Daniel: I believe I'm very proud of the responsible lending code we've got in New Zealand. I think it's very appropriate and, you know, some could even say it's relatively strict, right? If you have just an owner-occupied home, every time you're applying for a loan, you have to get approved on, say, what they refer to as an exit strategy. So like, if you have a mortgage, how are you going to be debt free for retirement? That's essentially the question the bank is asking. You're not going to get approved for a loan in the main bank if you're going to be into retirement with a big mortgage and no way to pay it off.

Rory: So first home buyers in their forties. Can we do that in New Zealand?

Daniel: Yeah, absolutely. Bread and butter.

Rory: So what, late forties?

Daniel: Yeah, late forties. So what they'll do if you don't have any other assets, so like, when they talk about exit strategy, you could say, look, I've got a super, I've got $400K or $300K in KiwiSaver. When I retire I'm going to sell my house, or I'm going to withdraw my super and pay it off. That's an exit strategy, right? I've got a second property. When I retire, I'm going to sell the investment property and pay off my home mortgage. That's an exit strategy. What's not an exit strategy is, oh, I've got these forecasted gains for my KiwiSaver. I'm going to use that to pay it off. That's not an exit strategy. Unrealised gains, you know?

Rory: Okay.

Daniel: Another one is, oh, I'm going to inherit my family's estate. That's not an exit strategy to the bank. Because it's not confirmed that you're going to inherit, you know what I mean? So there are different ways to skin it. But going back to your point, you know, for people in their forties, fifties, we help all the time with first home buyers, but you would just have a reduced loan term. The loan term that they work towards is a retirement age of 65 or 72. So 72 is like the top end as a retirement age. So let's say if you were 50. You could still buy your first home, but you'd have to pay it on a 22-year loan term.

Rory: Okay.

Daniel: Do you know what I mean? So that would be the restriction there rather than getting a 30-year mortgage and just saying, oh, I'm going to make lump sum repayments. No, the bank says, we're actually only going to approve it on a 72. 72 is sort of like the maximum as well. Loan term you can get.

Rory: Okay.

Daniel: So that's a really big reason why they're not commonplace here is because we've got a really, you know, good, stable, maturity risk, responsible lending in New Zealand. It's a really big part why it's not a big part of it.
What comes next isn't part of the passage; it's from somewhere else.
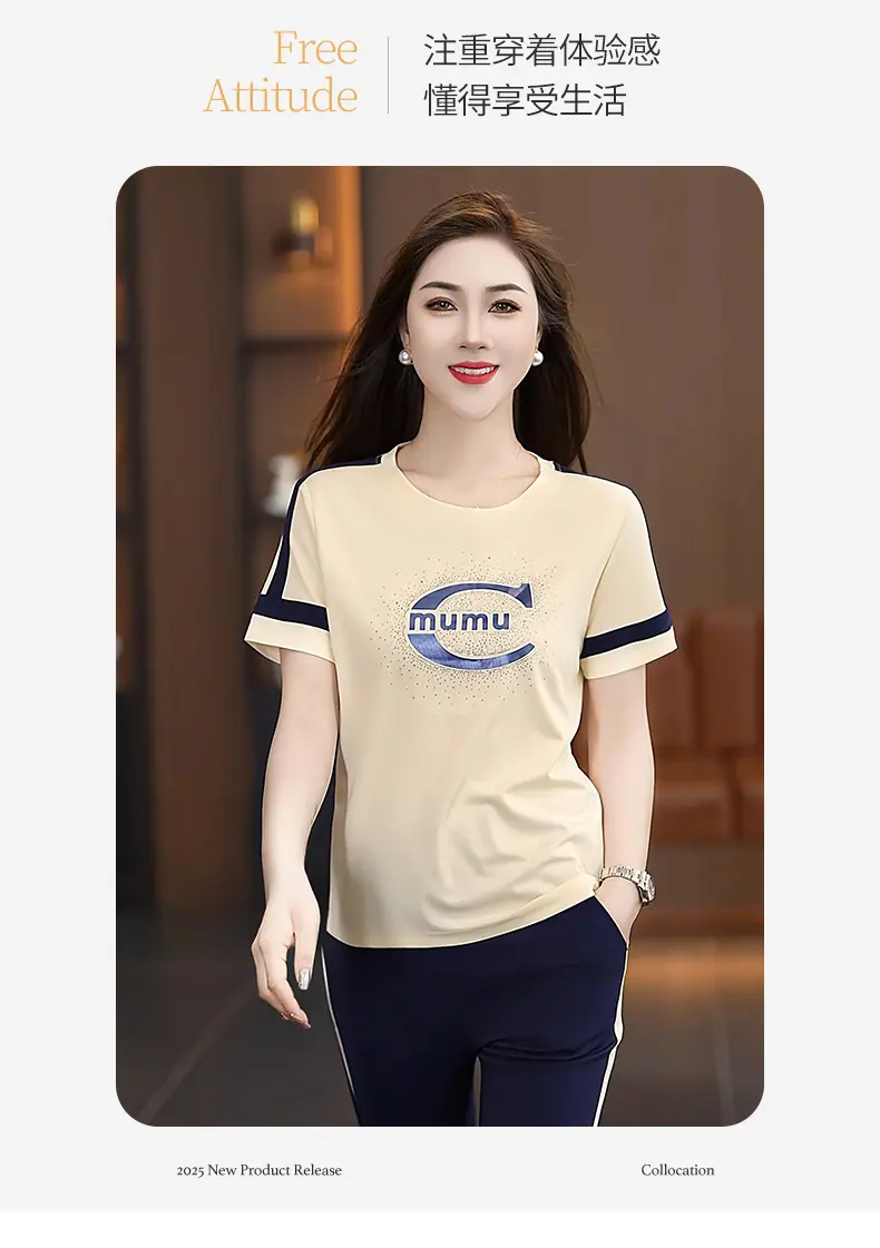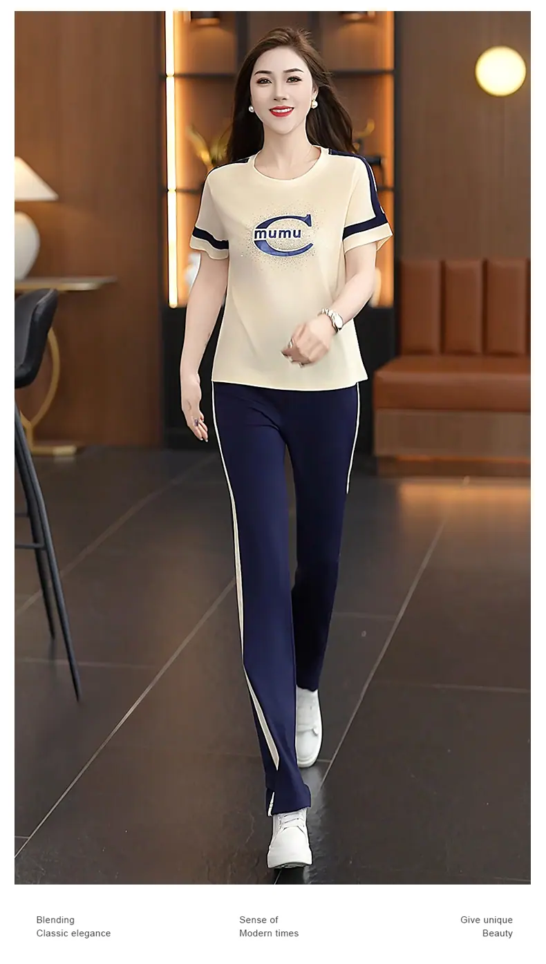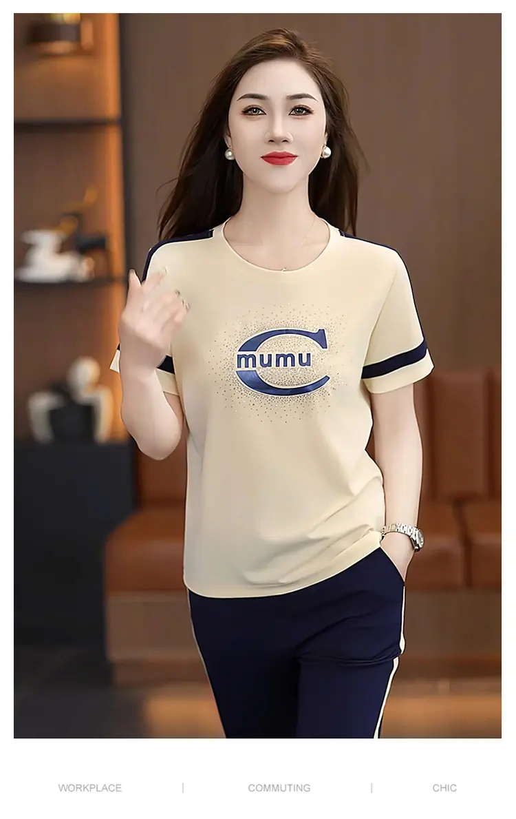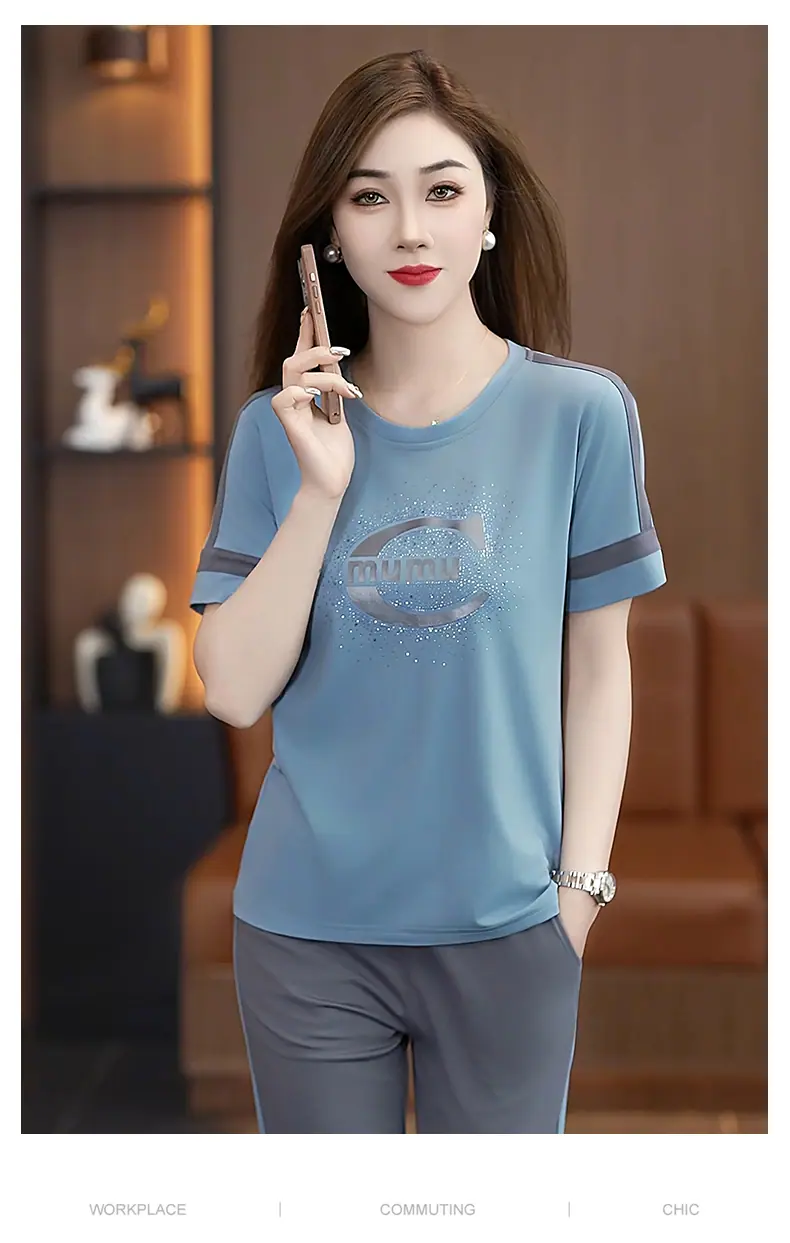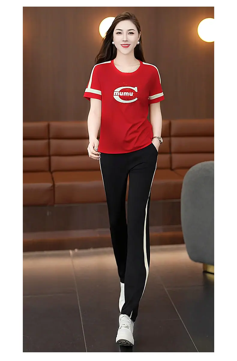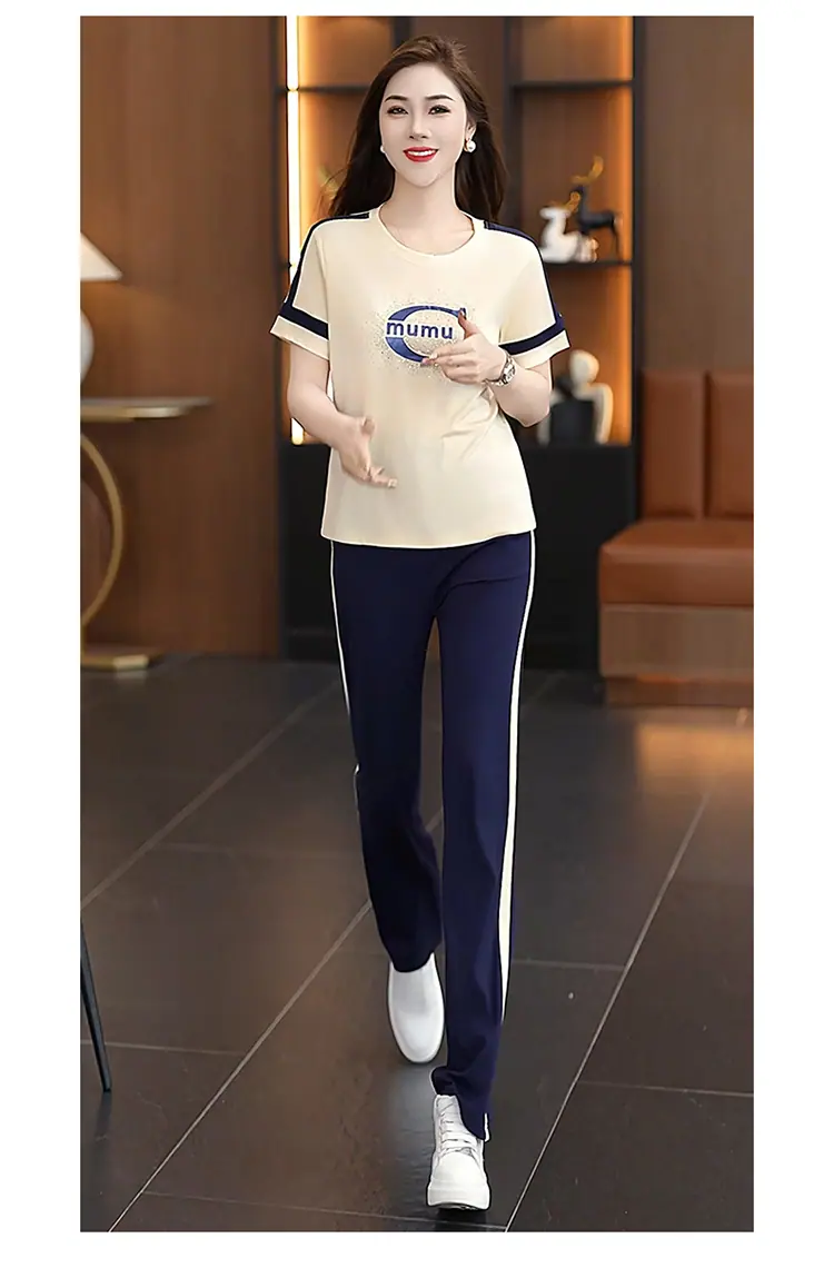 Traje Deportivo de Moda para Mujer Verano 2025 Nuevo Talla Grande Holgado Adelgazante Manga Corta Traje para Correr Casual Conjunto de Dos Piezas a la Moda

Rory: It's interesting though because on that basis, you can pull that age back because we're talking about client age, maturity risk, a 50-year-old buying a first home. Why then can't a 30-year-old buying a first home on a 40-year term? Do you know what I mean? They've got the runway. There's no maturity risk. By the same argument.

Daniel: No, you're exactly right. Like if you were to have the exact same market, it would fit within the responsible lending code. If you are in your thirties and you were going to retire at 72, it would fit within the responsible lending code.

Rory: Right. And that's why it's in Australia now and that's why it's coming to New Zealand. That's why we're talking about it.

Daniel: Yeah, exactly. I mean, you know, responsible lending code or not, you can't penalise someone if they want to pay more interest.

Rory: Yeah, that's right.

Daniel: Yeah, exactly. The banks won't object.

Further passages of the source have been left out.